Reliable optimal controls for SEIR models in epidemiology
Simone Cacace, Alessio Oliviero

TL;DR
This paper compares two optimal control methods for SEIR epidemiological models, proposing a combined approach to improve solution reliability and applying it to simulate epidemic control policies.
Contribution
It introduces a combined control strategy using Dynamic Programming and Pontryagin's maximum principle for more reliable epidemic management solutions.
Findings
The combined method yields high-quality control policies.
Simulations demonstrate effective epidemic spread mitigation.

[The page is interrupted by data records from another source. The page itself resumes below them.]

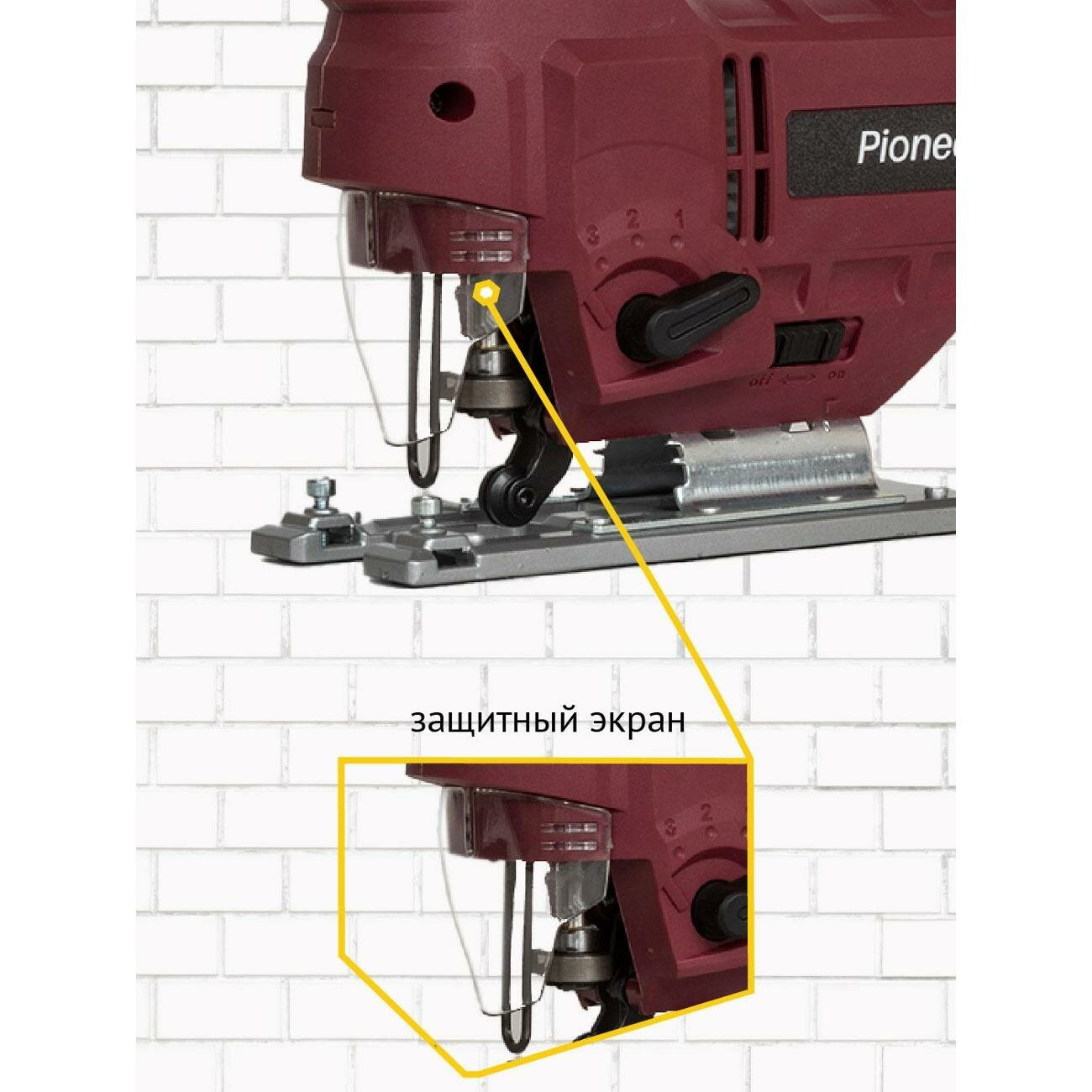 Лобзик электрический Pioneer JS-M900-01PSL с щеточным двигателем и лазерным указателем, возможность подключения пылесоса, 4 режима, 6 скоростей
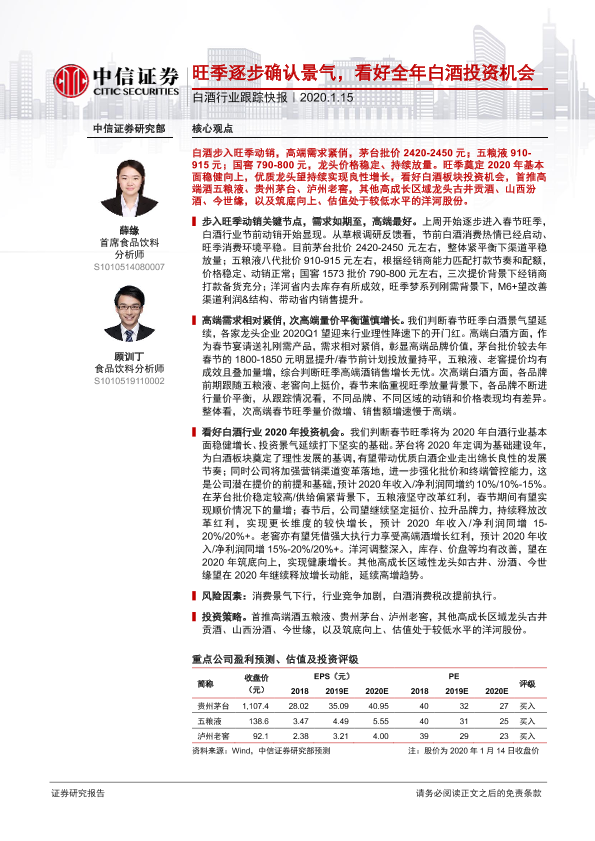 【中信证券】【20200115】白酒行业跟踪快报:旺季逐步确认景气,看好全年白酒投资机会-2页
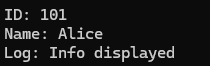 User user(101, "Alice");
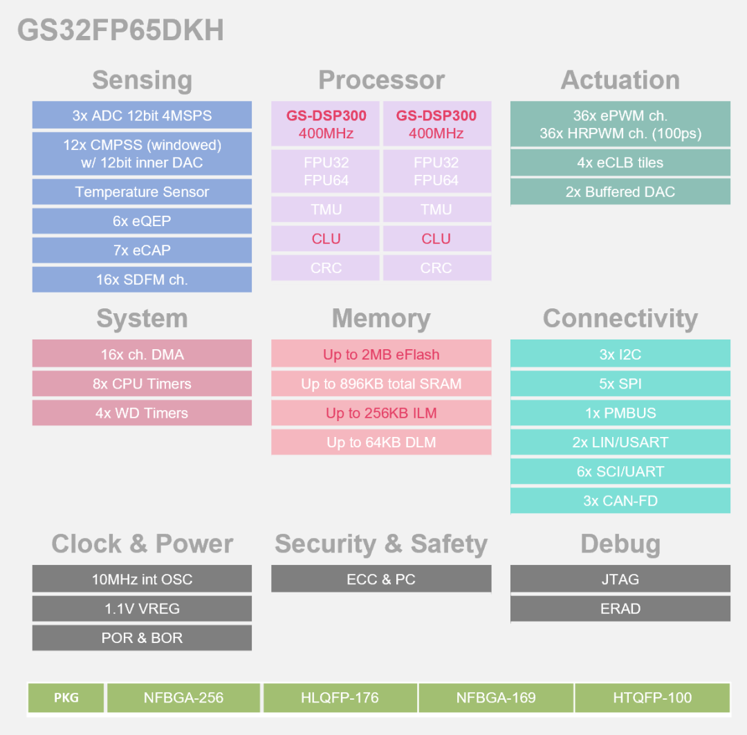 ◎ 高性能型如 GS32FF65DKH 等,部分配备双 GS-DSP300,主频达 400MHz,eFlash 和 SRAM 容量更大,多场景覆盖能力,支持复杂电源管理和高性能应用。
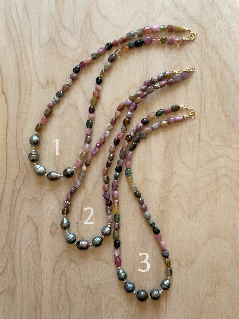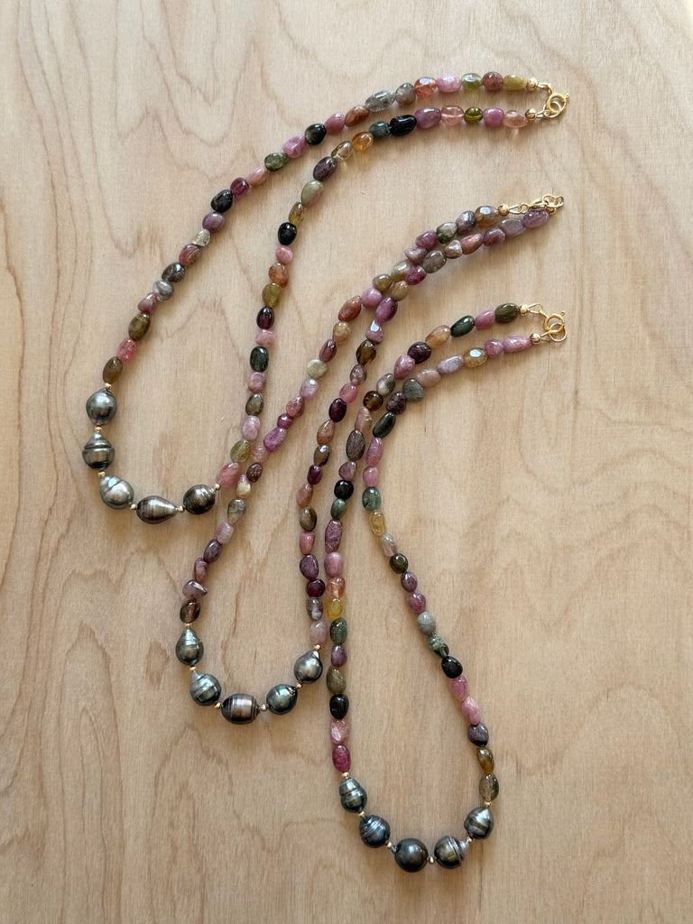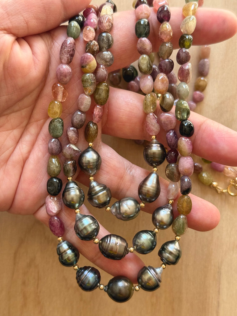 Tumbled Tourmaline and Tahitian Pearl necklace. Gold filled beads and clasp. Approx 18 inches.
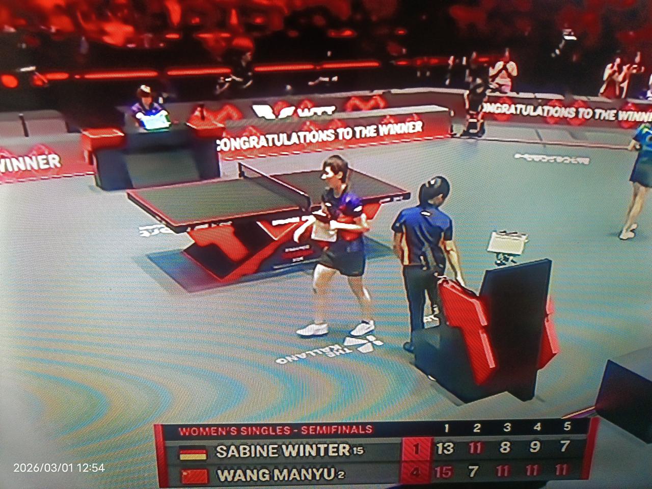 马琳教练关键时刻叫暂停支招,立马让王曼昱上场结束战斗,中国队提前包揽新加坡大满贯女子单打冠亚军。 在新加坡大满贯女子半决赛的比赛中,由王曼昱对阵德国选手萨宾.温特。温特打法怪异,此前曾淘汰了朱雨铃和王艺迪。 比赛打到第5局时,虽然大比分王曼昱3:1领先,但王曼昱打得还是很困难。此时王曼昱被温特连续追分,已追到6:7仅领先一分,如果被温特追上并反超比分,比赛可能会被拖入下一局,增加比赛的难度和风险。 在这个关键时候,场上教练马琳果断地叫了一个暂停,并给王曼昱支了一招,就是接下来的发球中发温特正手短。 果然,上场后温特虽然把比分追成了7平,但接下来王曼昱两个正手短的发球直接得分,一下子让温特没了精气神,王曼昱又连得两分结束了战斗,以大比分4:1战胜了温特进入了决赛。 由于另一场半决赛将在中国选手孙颖莎和陈熠之间进行,所以王曼昱的胜利,也使中国队提前包揽了新加大满贯女子单打的冠亚军。
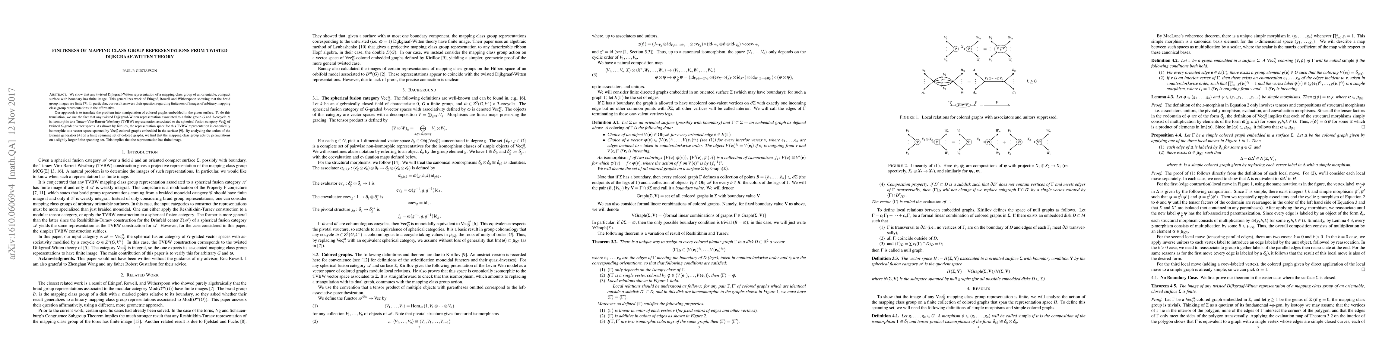 The paper demonstrates that twisted Dijkgraaf-Witten representations of mapping class groups on orientable surfaces have finite images, generalizing previous results for braid groups. It uses colored graph manipulations and TVBW representations to show that the image of these representations is finite.
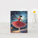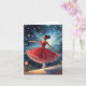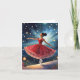 This Christmas card features a whimsical scene of a ballerina dancing in a red dress.
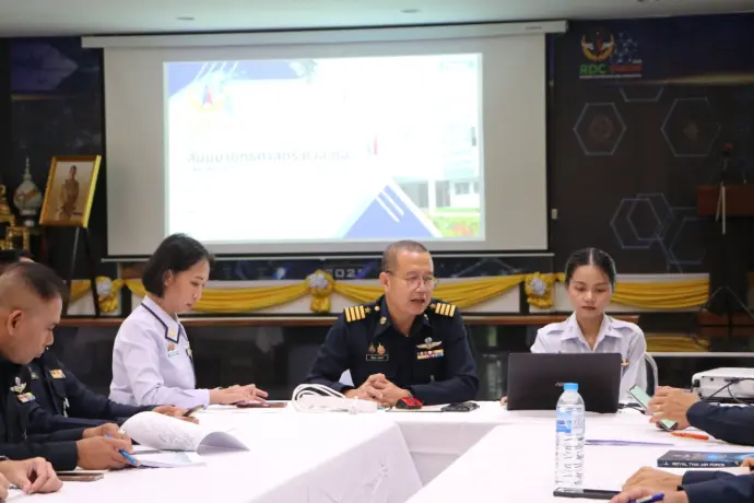 พลอากาศโท ชเนนทร์ สุขวารี ผู้อำนวยการศูนย์วิจัยพัฒนาวิทยาศาสตร์เทคโนโลยีการบินและอวกาศกองทัพอากาศ เป็นประธานในการสัมมนายุทธศาสตร์ ก.พ.ร.ศวอ.ทอ.
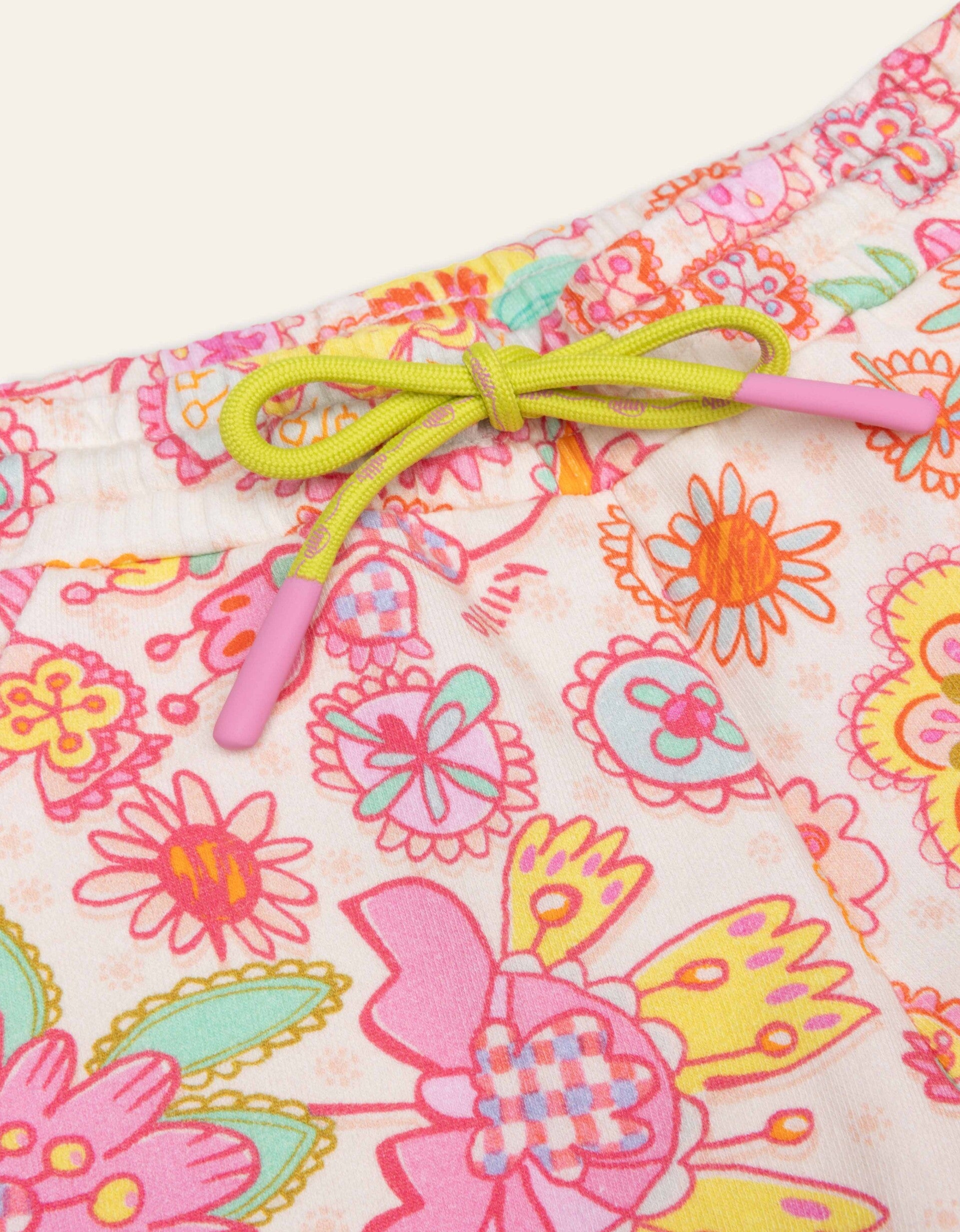 De bloemetjes op deze losvallende broek van joggingstof zijn van ons Alexi dessin. Een dessin uit 1992 dat we opnieuw hebben getekend en ingekleurd om het weer helemaal van nu te maken.
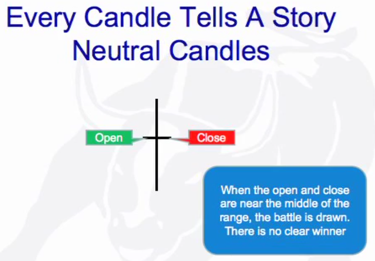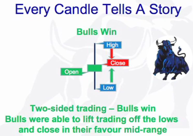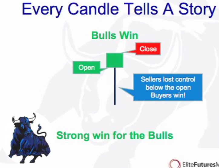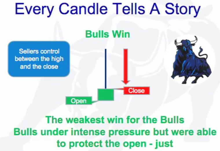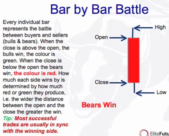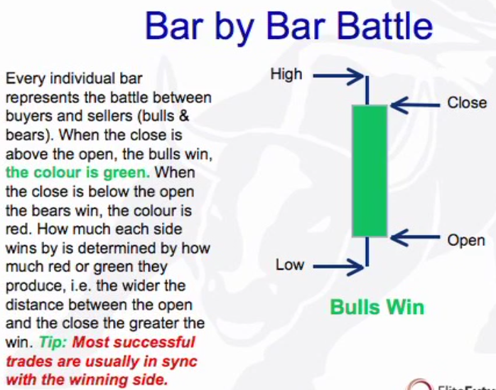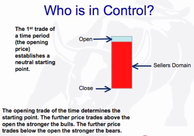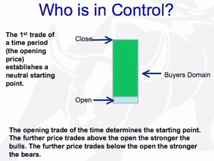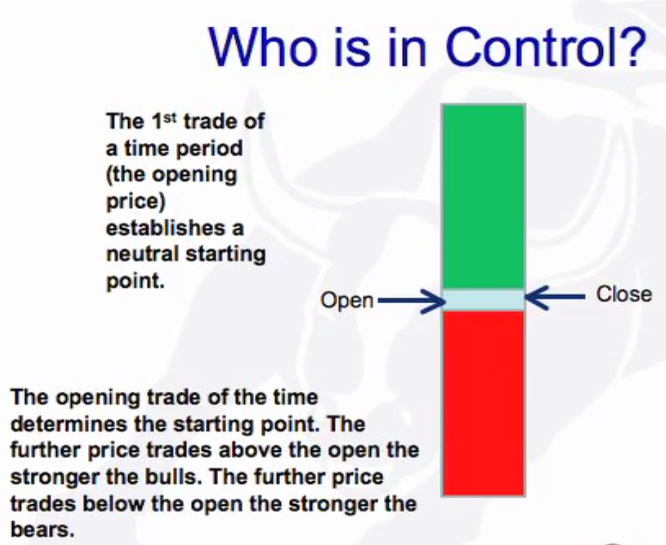 Open: Neutral starting point of every bar. All activity above the bar (green) is buyers domain and all activity below is sellers (red) domain. The further the price sells below the open the stronger the sellers (bear trend) and if above then stroner the buyers (bull trend). There is also the pig and the chicken.

First and second order optimality conditions validate solutions.
Abstract
We present and compare two different optimal control approaches applied to SEIR models in epidemiology, which allow us to obtain some policies for controlling the spread of an epidemic. The first approach uses Dynamic Programming to characterise the value function of the problem as the solution of a partial differential equation, the Hamilton-Jacobi-Bellman equation, and derive the optimal policy in feedback form. The second is based on Pontryagin's maximum principle and directly gives open-loop controls, via the solution of an optimality system of ordinary differential equations. This method, however, may not converge to the optimal solution. We propose a combination of the two methods in order to obtain high-quality and reliable solutions. Several simulations are presented and discussed, also checking first and second order necessary optimality conditions for the corresponding…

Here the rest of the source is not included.